Well, I’m back from Virtual Worlds 2007, and I have a few “take away” observations. To start:
The giants are coming! But so what? The “giants” in this case being big media companies: Disney, Turner, Viacom, et alii. At first, they seem threatening, ready to take over the virtual world space with the sheer amount of capital and audience size. But never underestimate a giant corporation’s capacity for stupidity; they are big, dumb, lumbering beasts without a clue about the real potential of virtual worlds.
The buzzphrase we heard from the media giants, so frequently we got sick of it, was “brand protection”: keeping the Disney/Turner/whatever name as unblemished and on-message as possible. And who are they protecting the brand from, one may ask? Why, from you and me, of course, with our critiques and our weblogs and our mash-ups and our ability to create our own content and our own narratives. We’re just not passive enough.
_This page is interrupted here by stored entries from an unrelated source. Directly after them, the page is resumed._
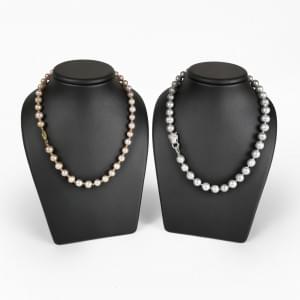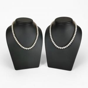L'un composé de trois rangs de perles d'eau douce et l'autre à m...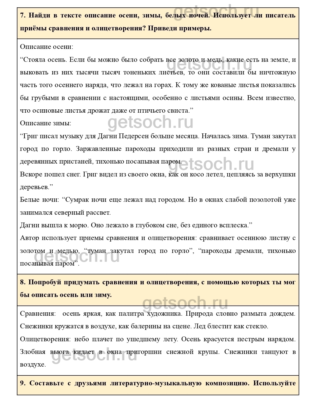 Найди в тексте описание осени, зимы, белых ночей. Использует ли писатель приёмы сравнения и олицетворения? Приведи примеры.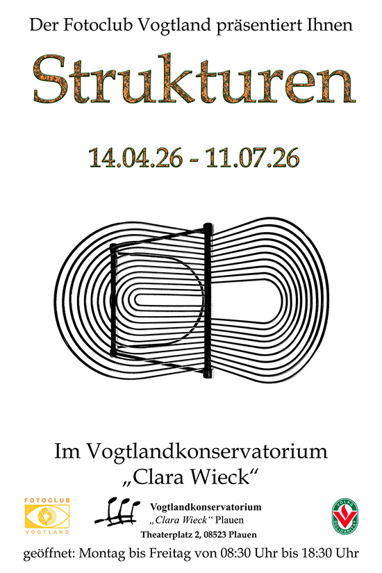 Am 14.04.2026 fand unsere Vernissage zum Jahresthema „Strukturen“ im Vogtlandkonservatorium statt. 21 Clubmitglieder präsentieren 60 Fotos zu diesem Thema. Herr Leitz eröffnete den Abend, dazu gab es 2 Musikstücke, gespielt auf einer Harfe, sehr gelungen. Als solches bezeichnete auch Herr Leitz die Präsentation unserer Aufnahmen. Es ist nun inzwischen die 14. Ausstellung die wir im Konservatorium zeigen dürfen. Vielen Dank an alle anwesenden Clubmitglieder und alle Helfer beim Aufziehen der Bilder und beim Aufbauen der Ausstellung.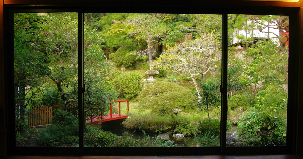 続いて、庭に面した個室に案内してもらいました。こちらが窓から見える庭です。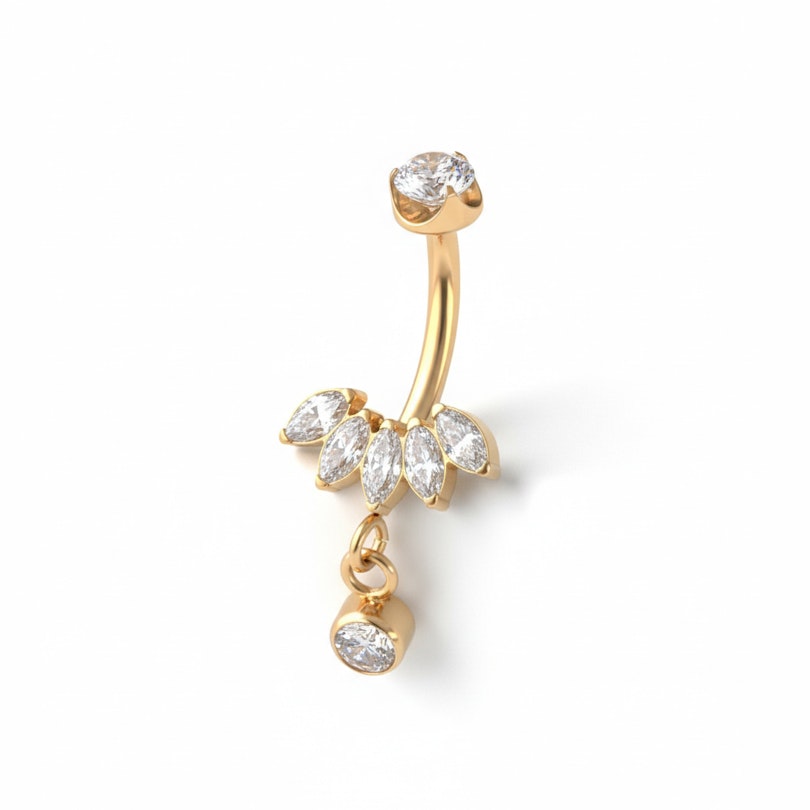 Vem conhecer a tua nova desculpa para te gabares do teu umbigo. Esta joia para o umbigo em titânio com pedras e pendente é hipoalergénica e resistente à água (exato, não há cá ferrugem ou irritações).

The Turner presentation was especially dumb. Their “virtual world” consists of a central setting based on their “Department of Humor Analysis” ad campaign (link has video with sound that plays automatically, don’t click it at work). In their VW, which was built using technology licensed from Kaneva, one watches episodes of their syndicated TV shows in settings based on the show. (The example we were shown was the Family Guy house.) Since TBS doesn’t actually own the property, we don’t get to interact with Family Guy characters (much less become those characters), or participate in (or, heaven forfend, contribute to) any original narrative based on the show.
Congratulations to them; they’ve used advanced virtual worlds technology to invent [drum roll] a new way to watch television. Oh, and you’re allowed to talk with other people about the television show you’re watching. Wheee.
I have no doubt Turner Media will be able to drive lots of people to their VW. I do doubt their ability to keep them there. This doesn’t even really qualify as a virtual world; it’s just a TV channel with a thin layer of virtual-world icing.
The other big-media presentations weren’t much better. The Disney “fireside chat” described a similarly top-down vision; apparently children crave a “structured experience” — and the Disney flak’s description of such, not materially different from the cattle-drive rides at the Disney parks, left the two educators we were sitting with frustrated and disgusted. There’s a big difference between structure as a framework to build on, and structure as complete lock-down control.
Anthony Zuiker’s keynote was different enough to be interesting. Unlike the other media giants, who are building their own walled gardens, the upcoming CSI:NY experiment will revolve around Second Life; users will have full-featured SL accounts, complete with the ability to create their own content, and the users will be invited to become involved in the CSI narrative, though not limited to that.
It’s a significant distinction, I think, that the other media giant activity seemed to be the product of corporate marketing department brainstorming, while the CSI experiment appeared to be driven by a single creative mind.
Now, I’m not wholly sold on the CSI business. The furries are still smarting from the rough treatment they got from the CSI franchise, and I’m skeptical that the presentation will be even vaguely accurate. (Since CSI episodes are by definition murder mysteries, I wouldn’t put it past them to use the old Matrix gimmick: that if you die in the virtual world, you die in real life. It takes a writer of the caliber of Vernor Vinge or John Varley to write a good suspenseful yarn about a virtual world without resorting to that silly canard, and very few television writers are that good.)
Still, Zuiker seemed wildly more clueful than the media bigwigs elsewhere at the conference; I’m hopeful that this experiment will be good for both CSI and SL.
As for the rest — well, why should anyone care?